Region: Ontario Answer # 1416

What is the law?

Under the Ontario Child, Youth and Family Services Act (CYFSA), everyone has a shared responsibility for the welfare of children and to protect them from harm. The CYFSA places a duty on all members of the public but stresses an added responsibility on professionals and officials that work closely with children. This includes teachers, school principals, counsellors, child care centre workers, youth workers, etc.

Section 125 of the CYFSA requires that any suspicion of child neglect or abuse cases must quickly be reported to a children’s aid society. This may include any physical, emotional or sexual abuse, threats of harm or neglect.

The duty to report applies to all children under the age of 16 years old. Reports may be made for 16-17 year old children if there is concern for their safety as well.

What are signs of child abuse or neglect?

Child abuse may include:

  • Physical – cuts, burns, bruising, punching, slapping, shaking, beating or throwing children. The use of other objects such as sticks, belts etc. is also considered abuse.
  • Sexual – this may include several sexual acts out of fear, coercion or to please the abuser. Can include sexual intercourse, engaging in prostitution, exposing a child, or indecent phone calls/conversations etc.
  • Emotional – repeated behaviour that targets a child’s emotional well-being or self-esteem. Can include constant criticism, insults, belittling, teasing or isolating the child. Exposure to domestic violence can also emotionally harm a child.
  • Neglect – failure to provide basic living needs to children i.e. food, safety, education, sleep, medical treatment or clothes. Leaving children alone, unsupervised also amounts to child neglect.

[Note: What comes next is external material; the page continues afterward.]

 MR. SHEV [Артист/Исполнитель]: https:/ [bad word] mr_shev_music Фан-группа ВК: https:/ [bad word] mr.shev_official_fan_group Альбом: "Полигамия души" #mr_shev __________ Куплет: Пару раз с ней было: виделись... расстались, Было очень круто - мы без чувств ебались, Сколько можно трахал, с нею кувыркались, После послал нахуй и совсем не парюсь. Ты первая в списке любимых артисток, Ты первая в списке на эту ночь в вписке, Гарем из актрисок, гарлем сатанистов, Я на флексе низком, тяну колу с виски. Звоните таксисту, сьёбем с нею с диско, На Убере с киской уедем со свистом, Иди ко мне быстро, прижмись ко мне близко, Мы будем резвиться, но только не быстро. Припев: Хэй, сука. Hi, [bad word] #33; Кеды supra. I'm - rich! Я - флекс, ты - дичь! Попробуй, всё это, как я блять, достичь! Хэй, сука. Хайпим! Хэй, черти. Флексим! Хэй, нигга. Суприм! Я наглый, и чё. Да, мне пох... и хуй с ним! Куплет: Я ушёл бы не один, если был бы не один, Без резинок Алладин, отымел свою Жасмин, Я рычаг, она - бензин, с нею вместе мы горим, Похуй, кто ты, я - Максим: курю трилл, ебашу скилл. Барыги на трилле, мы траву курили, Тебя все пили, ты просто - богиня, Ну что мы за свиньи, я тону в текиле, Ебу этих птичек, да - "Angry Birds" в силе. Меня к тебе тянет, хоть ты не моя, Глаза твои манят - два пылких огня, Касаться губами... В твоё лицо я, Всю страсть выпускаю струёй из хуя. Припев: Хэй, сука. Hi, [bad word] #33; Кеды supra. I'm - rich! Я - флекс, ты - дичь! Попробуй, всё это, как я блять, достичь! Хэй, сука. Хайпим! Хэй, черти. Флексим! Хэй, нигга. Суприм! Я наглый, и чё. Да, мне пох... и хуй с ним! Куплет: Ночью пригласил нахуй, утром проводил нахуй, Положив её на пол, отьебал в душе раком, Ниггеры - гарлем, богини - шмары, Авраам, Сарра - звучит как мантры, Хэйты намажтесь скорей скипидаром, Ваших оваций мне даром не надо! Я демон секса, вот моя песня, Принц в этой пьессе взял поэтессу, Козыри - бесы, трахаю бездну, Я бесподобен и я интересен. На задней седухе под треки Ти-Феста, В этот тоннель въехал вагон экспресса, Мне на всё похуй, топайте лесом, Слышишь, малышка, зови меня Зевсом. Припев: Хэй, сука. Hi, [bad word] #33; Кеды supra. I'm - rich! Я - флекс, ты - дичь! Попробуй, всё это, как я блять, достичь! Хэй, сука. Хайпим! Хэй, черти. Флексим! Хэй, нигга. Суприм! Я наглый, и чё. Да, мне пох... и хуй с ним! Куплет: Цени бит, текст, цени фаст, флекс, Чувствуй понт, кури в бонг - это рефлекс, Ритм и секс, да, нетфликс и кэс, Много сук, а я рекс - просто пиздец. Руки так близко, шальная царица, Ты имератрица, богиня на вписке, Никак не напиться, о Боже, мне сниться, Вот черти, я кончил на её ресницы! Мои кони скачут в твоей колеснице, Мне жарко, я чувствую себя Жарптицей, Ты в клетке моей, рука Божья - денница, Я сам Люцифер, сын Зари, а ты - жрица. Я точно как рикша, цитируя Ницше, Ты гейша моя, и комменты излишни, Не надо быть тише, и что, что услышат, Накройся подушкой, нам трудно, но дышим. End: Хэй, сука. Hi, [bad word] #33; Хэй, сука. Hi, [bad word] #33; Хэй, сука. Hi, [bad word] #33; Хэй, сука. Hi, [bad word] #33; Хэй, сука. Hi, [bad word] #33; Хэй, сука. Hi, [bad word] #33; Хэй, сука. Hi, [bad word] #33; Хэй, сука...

What are reasonable grounds of child abuse or neglect?

To report abuse, individuals do not need to be certain that a child may be in danger, they only need to have reasonable grounds, based on an honest belief, that harm is being done or could be done to a child. A decision to report abuse can even be founded on partial or incomplete information, or mere suspicion.

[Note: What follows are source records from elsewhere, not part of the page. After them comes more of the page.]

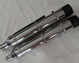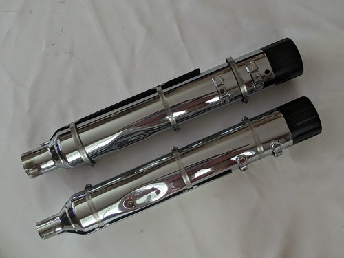 Enhance your Harley Davidson motorcycle's performance with these high-quality slip-on mufflers. The mufflers come in a sleek chrome finish and have black tips that add to the aesthetic appeal of your bike. These mufflers have a universal fitment, making them compatible with most street motorcycles. Crafted from durable stainless steel, these mufflers are easy to replace and feature a slip-on mounting style. The mufflers have an outlet diameter of 4 inches and a diameter of 1.75 inches and 2.5 inches. These mufflers are suitable for left and right rear placement on your motorcycle. Upgrade your motorcycle's exhaust system with these premium mufflers.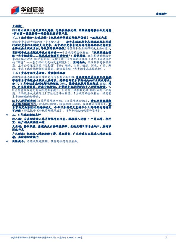 【21361E】【华创证券】【宏观快评】8月财政数据点评:税收高增的非经济因素 2天前 9月 3 预览结束,本文件为PDF文档,一共20页,请购买后,下载查看 资源下载下载价格59 H币VIP免费升级VIP立即购买下载或充值问题请将订单号发送到:2907878669@qq.com ,我们会在24小时内为您处理 金融分析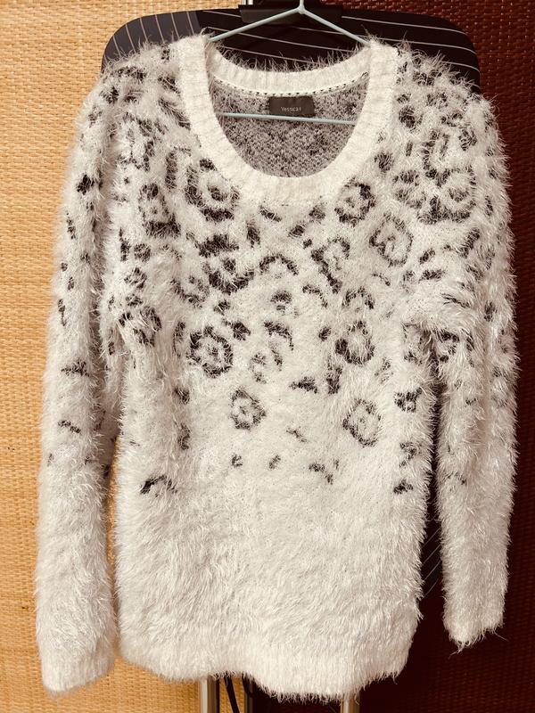 Свитер белого цвета в принт леопард, мягкий теплый пушистый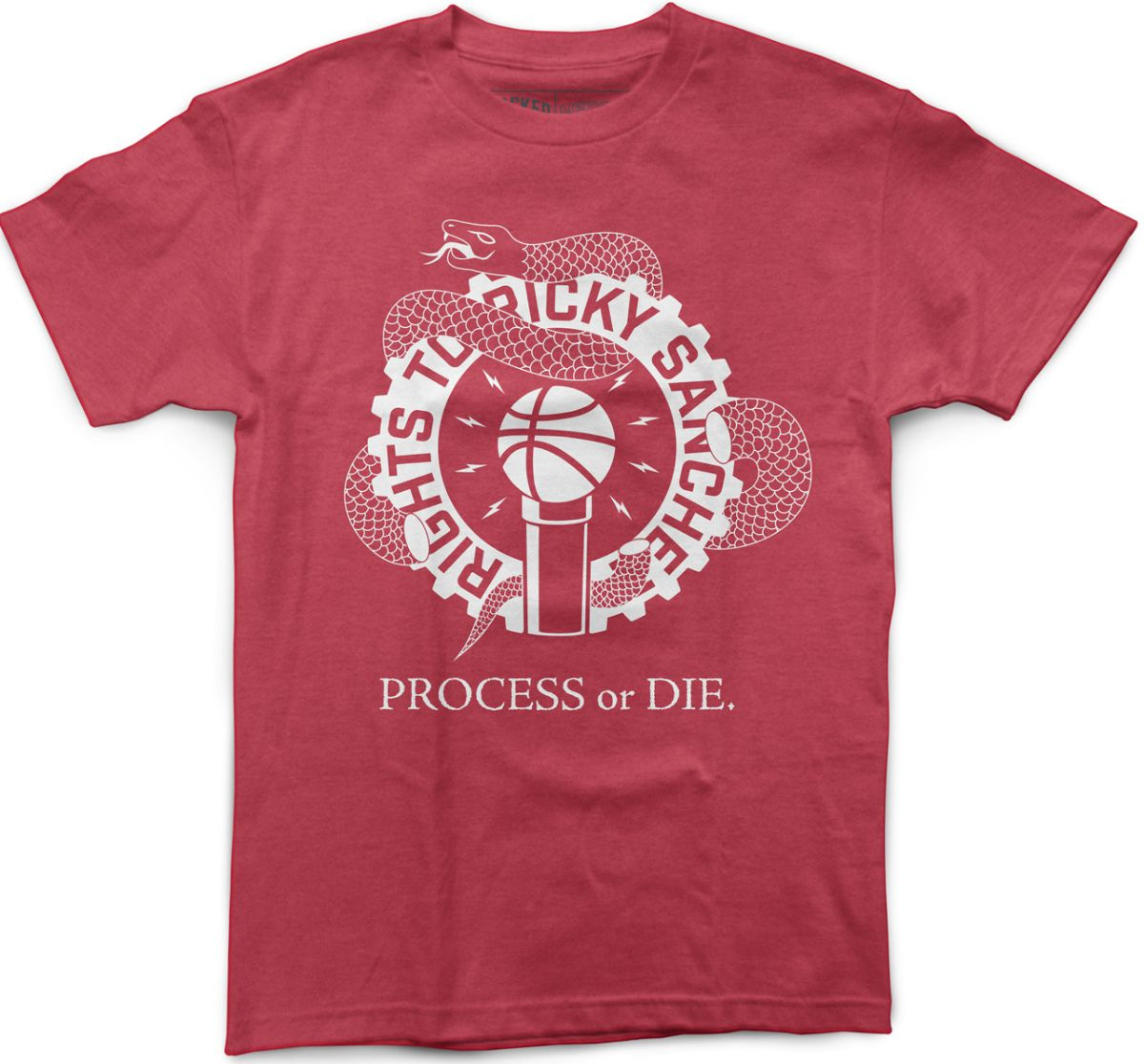 This shirt has not been available for over a year and a half, first available for a limited time prior to the 2017-18 playoff run. This is the first time it's been available in anything than black, now in this lovely heather red. It of course, features the Rights To Ricky Sanchez logo, and the snakes we all love.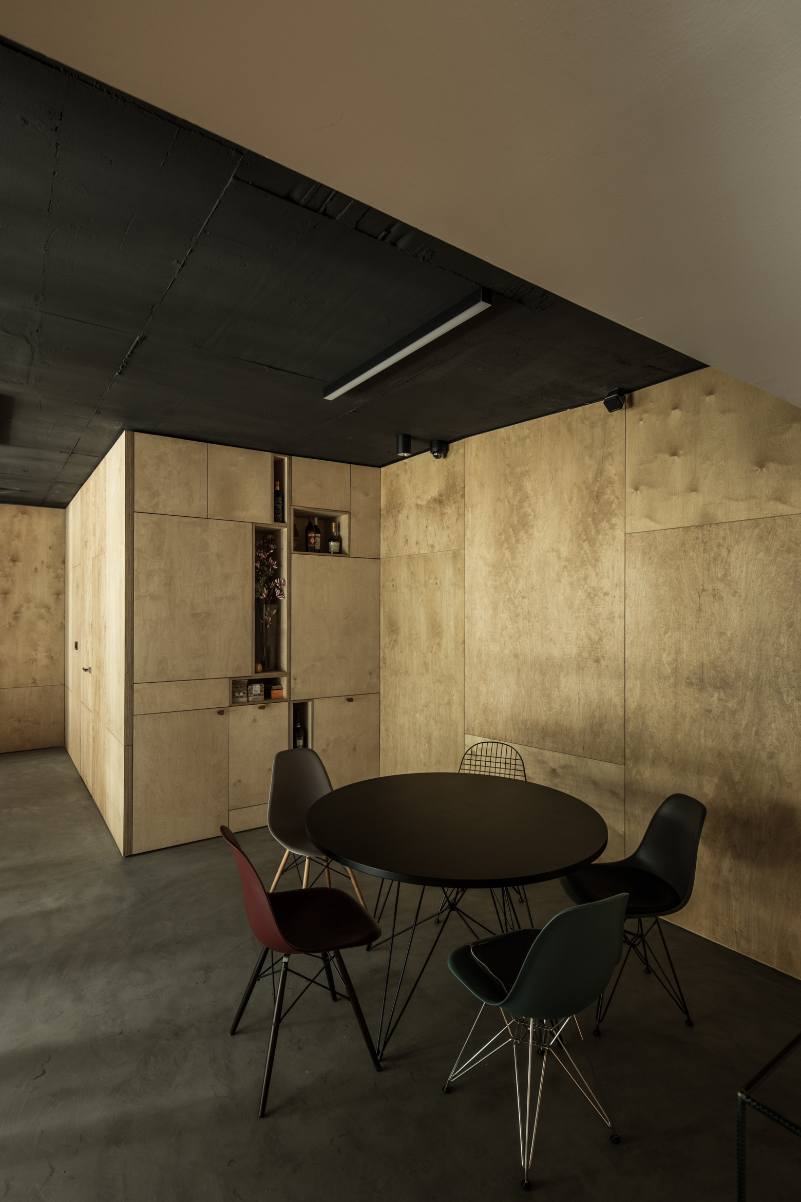Za týmto priestorom sa nachádza preglejková “krabica“, vo vnútri ktorej sú toalety. V rohu dispozície je situovaná miestnosť s technológiou. Nájdeme tu výkonný hardvér pre potreby štúdia.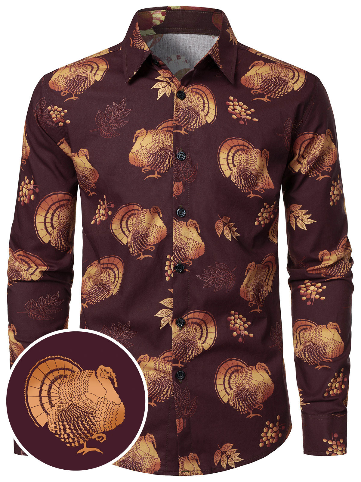Men's Thanksgiving Turkey Vintage Funny Cotton Long Sleeve Shirt

Professional confidentiality

Generally, a report must be filed under the Act even when the information might otherwise be considered confidential or privileged. The duty to report takes priority over any other conflicting provincial laws on disclosing private information, including the Personal Health Information Protection Act.

Ongoing duty to report

A person is required to report each time he or she has grounds to believe that abuse is occurring, even if he or she has already reported a suspicion in the past.

Penalty for failure to report

Under section 125(9) of the CYFSA, individuals convicted of failure to report suspicions of child abuse or neglect may be fined up to $5,000.